Third, and most interesting, a new mechanism for speedy, law-cost and effective remedy for online harms – against anyone, including the media, but also including bloggers, etc. The remedies would include compensation, take-down order, right of reply, and apology. The Commission raises two options here. First, a new Tribunal to hear such claims. It could make orders, but only when it could be shown that the law had been broken. Effectively, it turns the relevant criminal law into statutory torts (along with the civil law such as privacy and defamation – and copyright?) and makes them subject to a more accessible, informal and cheap complaints process.

I’m afraid I can see all sorts of problems with this. How do you quickly and cheaply establish whether or not someone has been defamed? It’s an incredibly complex area of law, and I don’t see how a Tribunal could establish it quickly and cheaply if someone wanted to raise some defences. And how would the Tribunal’s powers dovetail with the rules laid down by the courts for injunctions? For example, the courts are very reluctant to order an injunction removing particular material that’s allegedly defamatory if the defendant points to an arguable defence.

More importantly, what happens to the underlying crimes? If I’m charged with criminal harrassment, or under investigation for it, then if I’m defending myself before the Tribunal, I might be undermining my own criminal defence. What of the protections that are usually provided to someone facing a criminal charge? What if the Tribunal’s ruling has the potential to prejudice my later criminal trial? Is the standard of proof to be lower?

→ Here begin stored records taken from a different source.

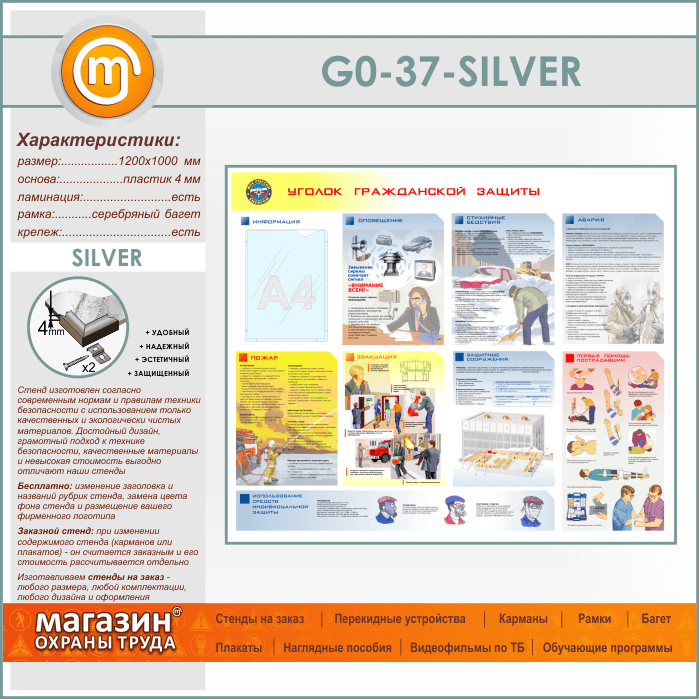 Стенд «Уголок гражданской защиты» с карманом (GO-37-SILVER) в Нижнекамске купить
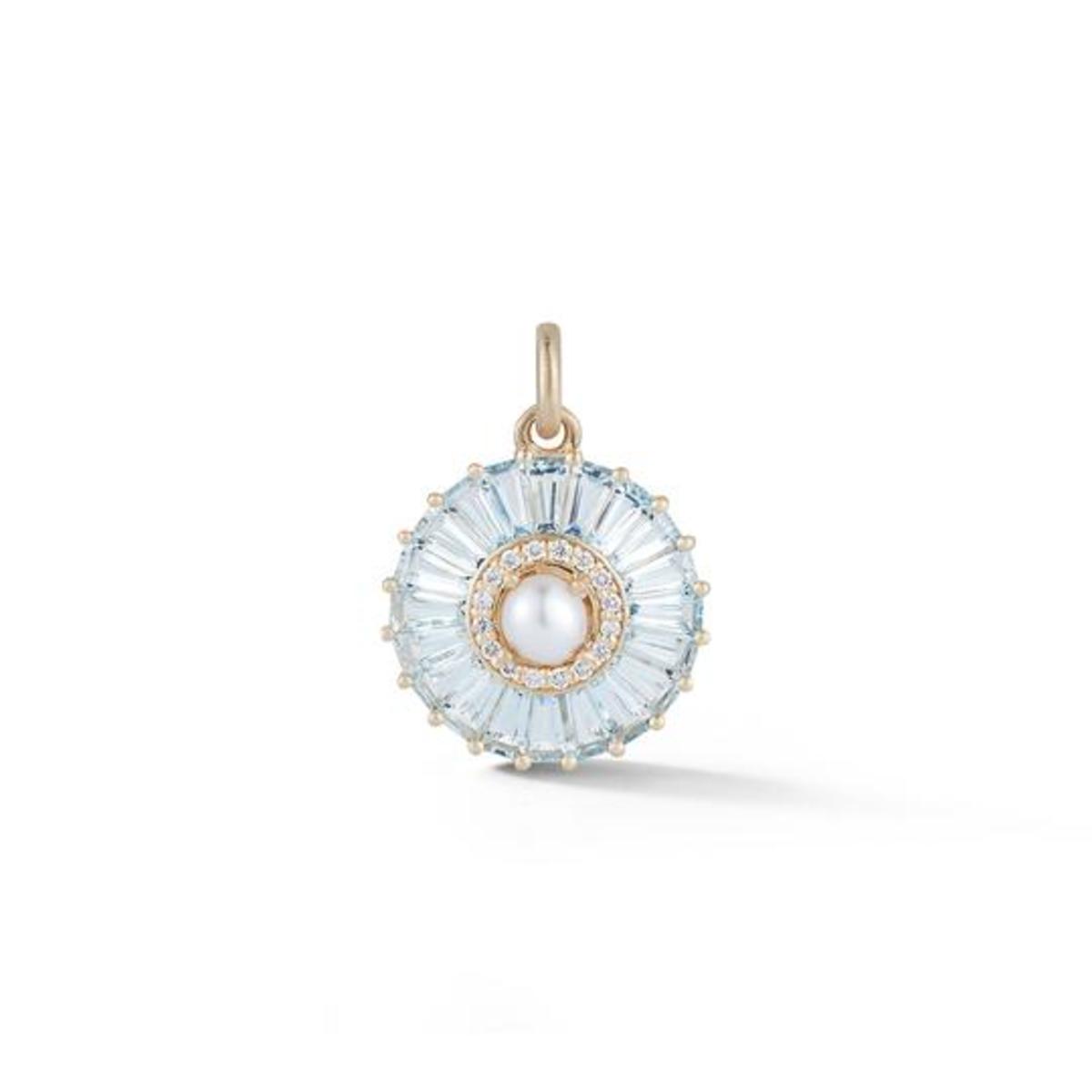 - Composition: 14K Yellow Gold, Pearl, Diamond, Aquamarine
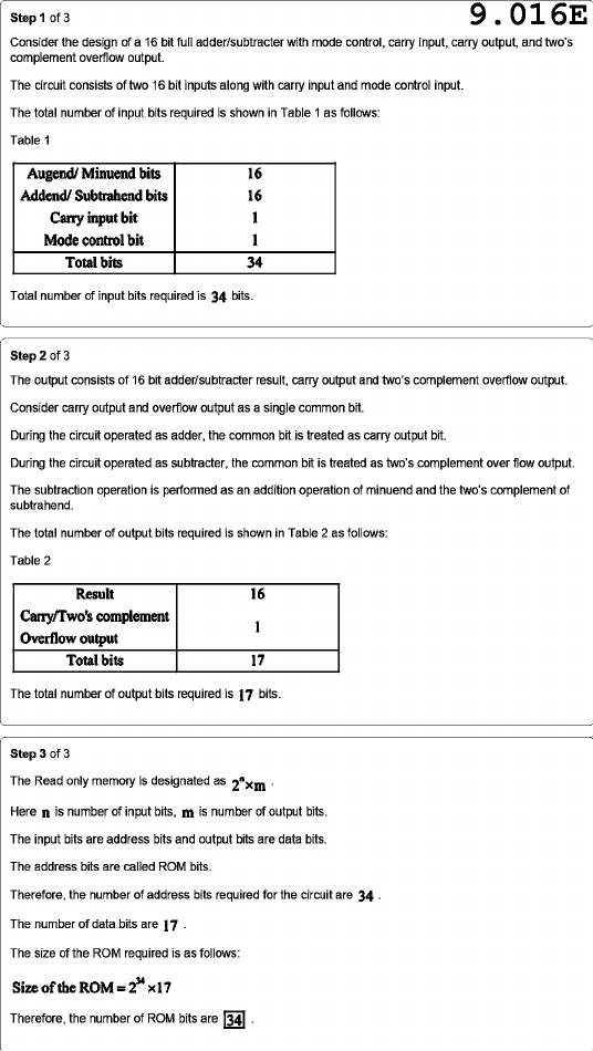 Step 1 of 3 9.016E Consider the design of a 16 bit full adder/subtracter with mode control, carry input, carry output, and two's complement overflow output. The circuit consists of two 16 bit inputs along with carry input and mode control input. The total number of input bits required is shown in Table 1 as follows: Table 1 Augend/ Minuend bits 16 Addend/ Subtrahend bits 16 Carry input bit 1 Mode control bit 1 Total bits 34 Total number of input bits required is 34 bits. Step 2 of 3 The output consists of 16 bit adder/subtracter result, carry output and two's complement overflow output. Consider carry output and overflow output as a single common bit. During the circuit operated as adder, the common bit is treated as carry output bit. During the circuit operated as subtracter, the common bit is treated as two's complement over flow output. The subtraction operation is performed as an addition operation of minuend and the two's complement of subtrahend. The total number of output bits required is shown in Table 2 as follows: Table 2 Result 16 Carry/Two's complement 1 Overflow output Total bits 17 The total number of output bits required is 17 bits. Step 3 of 3 The Read only memory is designated as Here n is number of input bits, m is number of output bits. The input bits are address bits and output bits are data bits. The address bits are called ROM bits. Therefore, the number of address bits required for the circuit are 34 The number of data bits are 17 The size of the ROM required is as follows: Size of the ROM = x17 Therefore, the number of ROM bits are 34
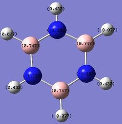 Borazine is a symmetrical about the C3 axis and hence charges cancel out around the ring of atoms and borazine has no dipole moment. The nitrogen atoms and boron atoms have charges of -0.102 and +0.747 respectively. These charges are observed to be of a higher value as compared to the nitrogen and boron atoms in boratabenzene and pyridinium and this is due to the increased difference in electronegativity between nitrogen and boron. This causes the B-N to be more polarised and the atoms to carry higher charges. Overall the charges cancel out and borazine is a neutral molecule.
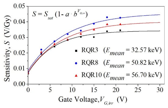 where S is the sensitivity of the transistors to radiation. Linearity is expected to increase with increasing gate polarization. Here, it is proven that the ∆VT = f(Kair) dependence for all used gate polarizations is linear according to Equation (5) (shown only for VG,irr = 21 V in Figure 2), and r-square (r2) correlation coefficients of linear regression are higher than 0.99 for all cases. Table 2 shows the sensitivity of irradiated VDMOSFETs.
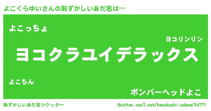 | 肩書あだ名 | 『よこくらゆい閣下』『よこくらゆい船長』 |
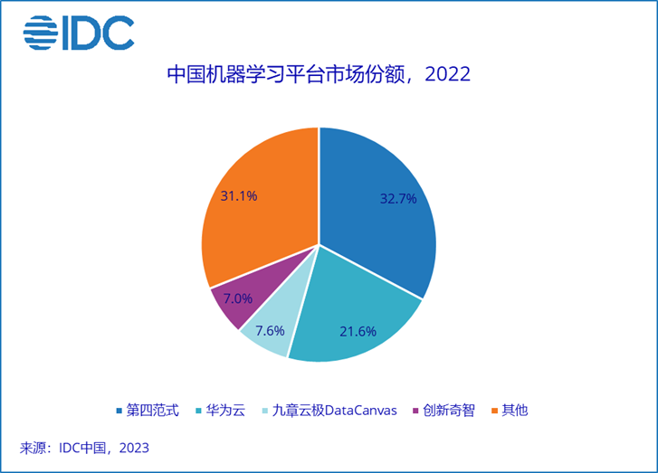 2022年机器学习开发平台市场规模达35.4亿元人民币, 相比2021年同比下降4.9%。该市场呈现出明显的头部厂商规模化效应,前5名的厂商占据69.9%的市场份额。由于机器学习开发平台的技术门槛以及落地的诸多挑战,该市场并没有呈现出百花齐放的状态。当然,随着众多初创企业入局大模型市场,未来机器学习平台市场格局有可能被重新分配。

Again, the Commmission has a Plan B – a communications commissioner. This person would have some powers to require information, and an investigatory role, but would not be able to order take-down, compensation, etc. He or she would need to rely on the mana of the office to try to negotiate solutions.

The Law Commission is dealing with a very real problem here. Seriously harmful material can be posted at the drop of a hat, and even if the criminal provisions were extended and clarified as the Commission suggests, the remedies may be cumbersome and expensive. But I have to wonder whether either of these options will do the trick. The first seems fraught with problems and the second, while potentially useful, seems toothless.

On the other hand, I’m not sure that I have any better ideas…

Topics: Defamation, Future of journalism, Harassment Act, Internet issues, Journalism and criminal law, NZ Bill of Rights Act | 2 Comments »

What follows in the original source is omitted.